Electricity from straw
February 3, 2009
The new biogas plant is the first-ever to run exclusively on waste material such as corn stalks. There is no need to add edible crops. Credit: Fraunhofer IKTS
Researchers have developed the first-ever biogas plant to run purely on waste instead of edible raw materials -- transforming waste into valuable material. The plant generates 30 percent more biogas than its predecessors. A fuel cell efficiently converts the gas into electricity.
"Corn belongs in the kitchen, not in biogas facilities" - objections like this can be heard more and more frequently. They are protesting against the fermentation of foodstuffs in biogas plants that generate electricity and heat. One thing the opponents are afraid of is that generating electricity in this way will cause food prices to escalate. In collaboration with several small and medium-sized enterprises, research scientists at the Fraunhofer Institute for Ceramic Technologies and Systems IKTS in Dresden have developed the first-ever biogas plant that works entirely without edible raw materials.
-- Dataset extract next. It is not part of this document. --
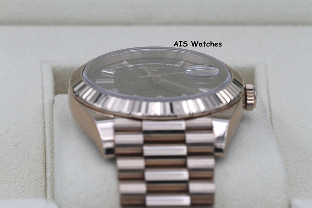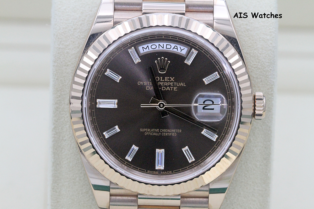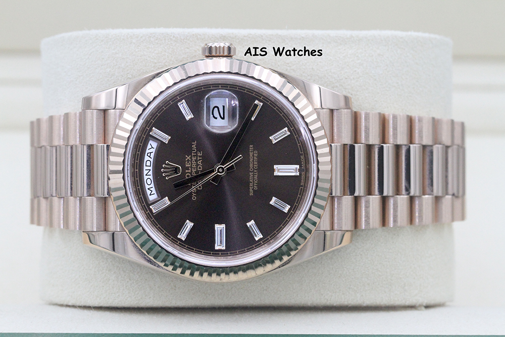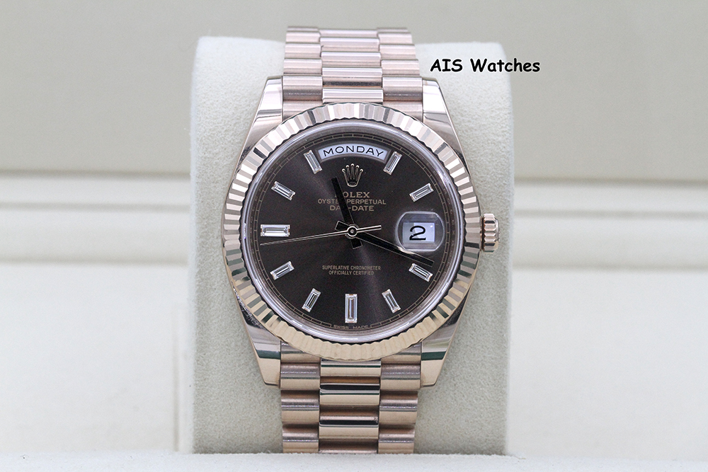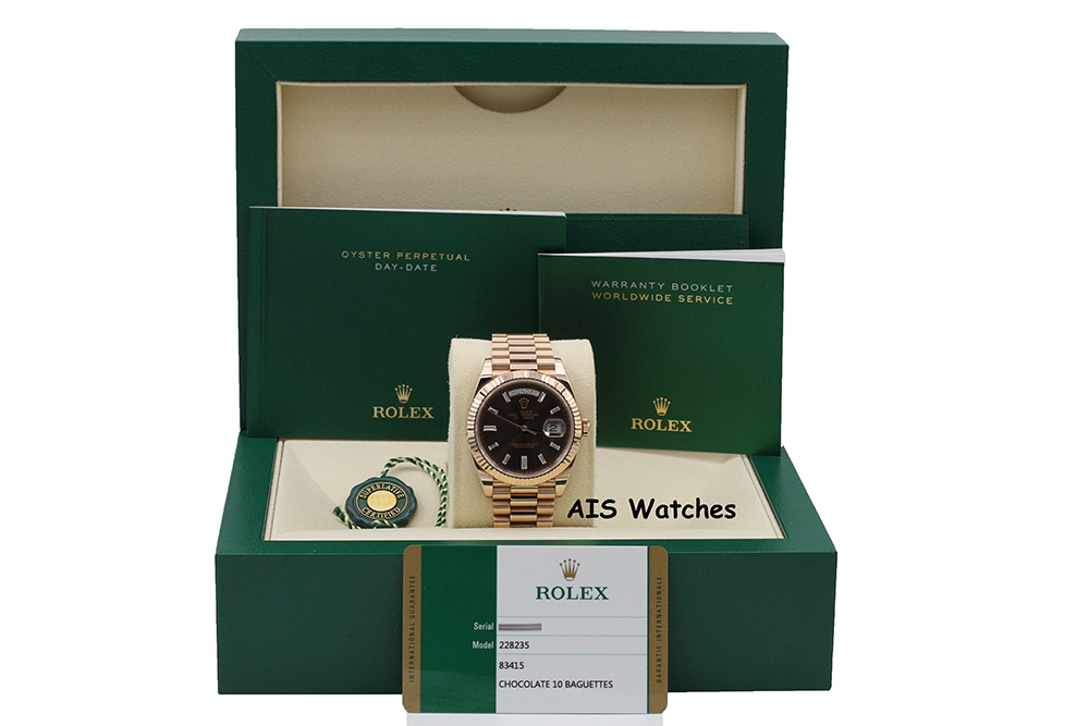 ** Rolex 228235 DayDate 40MM DD40 Rose Gold Chocolate Baguette Diamond Dial

"In our pilot plant, we exclusively use agricultural waste such as corn stalks - that is, the corn plants without the cobs. This allows us to generate 30 percent more biogas than in conventional facilities," says IKTS head of department Dr. Michael Stelter. Until now, biogas plants have only been able to process a certain proportion of waste material, as this tends to be more difficult to convert into biogas than pure cereal crops or corn, for instance.
This is not the only advantage: The time for which the decomposing waste material, or silage, is stored in the plant can be reduced by 50 to 70 percent. Biomass is usually kept in the fermenter, building up biogas, for 80 days. Thanks to the right kind of pre-treatment, this only takes about 30 days in the new plant. "Corn stalks contain cellulose which cannot be directly fermented. But in our plant, the cellulose is broken down by enzymes before the silage ferments," Stelter explains.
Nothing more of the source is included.